Background: Personal care and pharmaceuticals products affect the ambient water quality
when these materials enter the environment in the form of human and animal excreted metabolites or as
effluents from hospitals, pharmacies, and chemical manufacturing facilities. The stated compounds are
difficult to capture and pose a serious threat to the aquatic ecosystem, and human health. Photocatalytic
Degradation (PCD) is seen to be an attractive and inexpensive method, when compared to the ones such
as ozonation, photo-Fenton oxidation, sonolysis, and photolysis for the elimination of pharmaceutical
compounds from the wastewater.
Methods: Owing to the underlying complex nonlinear physicochemical phenomena, the design and
construction of a “first principles” model for predicting the rate constant of the PCD is a timeconsuming
and tedious process. To overcome the said difficulty, in this study, the stated mathematical
models have been developed-for the first time-using an artificial intelligence (AI) based novel datadriven
modeling method, namely, genetic programming (GP). The GP-based model predicting the rate
constant of the PCD of pharmaceuticals uses following inputs: time of exposure of pharmaceutical pollutant
to the solar radiation, pH of wastewater, concentration degraded during the measured time, and
the ratio of concentration degraded to the initial concentration of the sample. In this study, PCD of three
pharmaceutical pollutants, namely, Ciprofloxacin, Naproxen, and Paracetamol was studied and
modeled using a single GP-based model.
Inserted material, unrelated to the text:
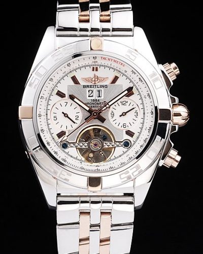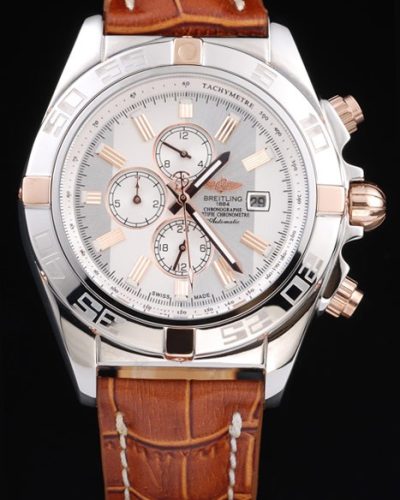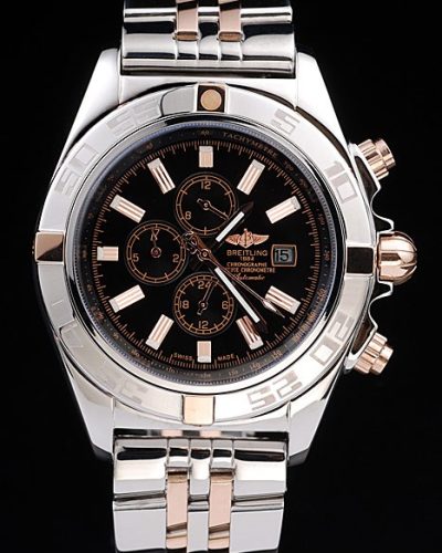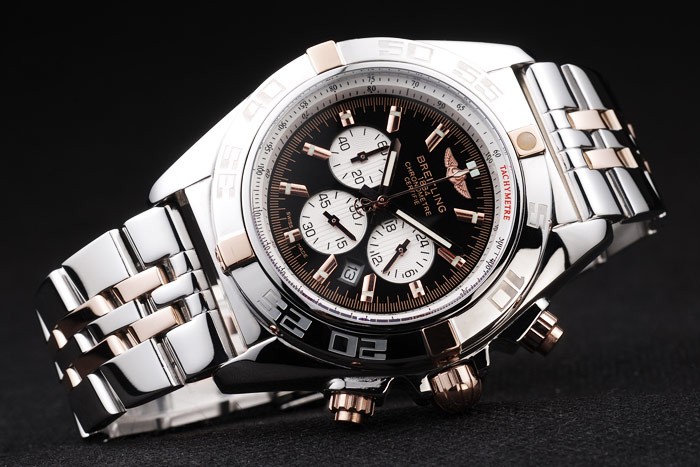 Crown: 18k rose-gold plated stainless steel cutwork crown with Breitling Replica logo and two smaller crowns on either side of it
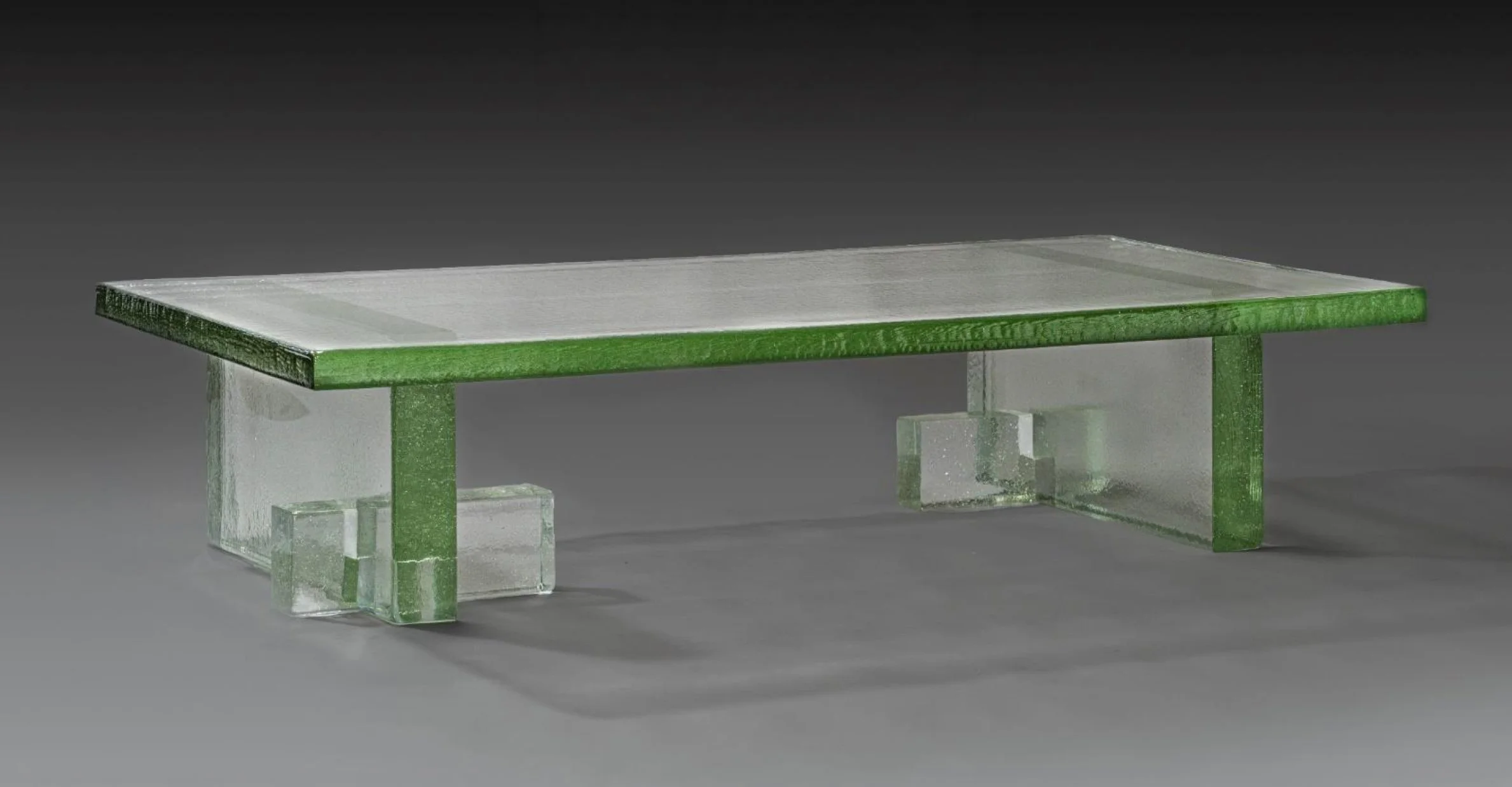 Solape Coffee Table MATERIALSSolid Hand-Cast Glass Top Two Solid Hand Cast, Cut, and Milled Table BasesDIMENSIONSGlass Table Top: 74" Length x 40" Width x 2" Thickness | Glass Bases: 32" Length x 16" Width x 4" Thickness INQUIRE INQUIRE

In the model’s input space, the three pharmaceutical pollutants
were differentiated using a number of attributes related to their molecular structures.
Result: The GP-based model predicting the rate constant of the PCD, proposed in this study, exhibits an
excellent prediction accuracy [correlation coefficient (CC) > 0.9] and generalization performance.
Conclusion The GP-based modeling strategy introduced here can be fruitfully used in the development
of models for a variety of other pharmaceutical degradation reactions.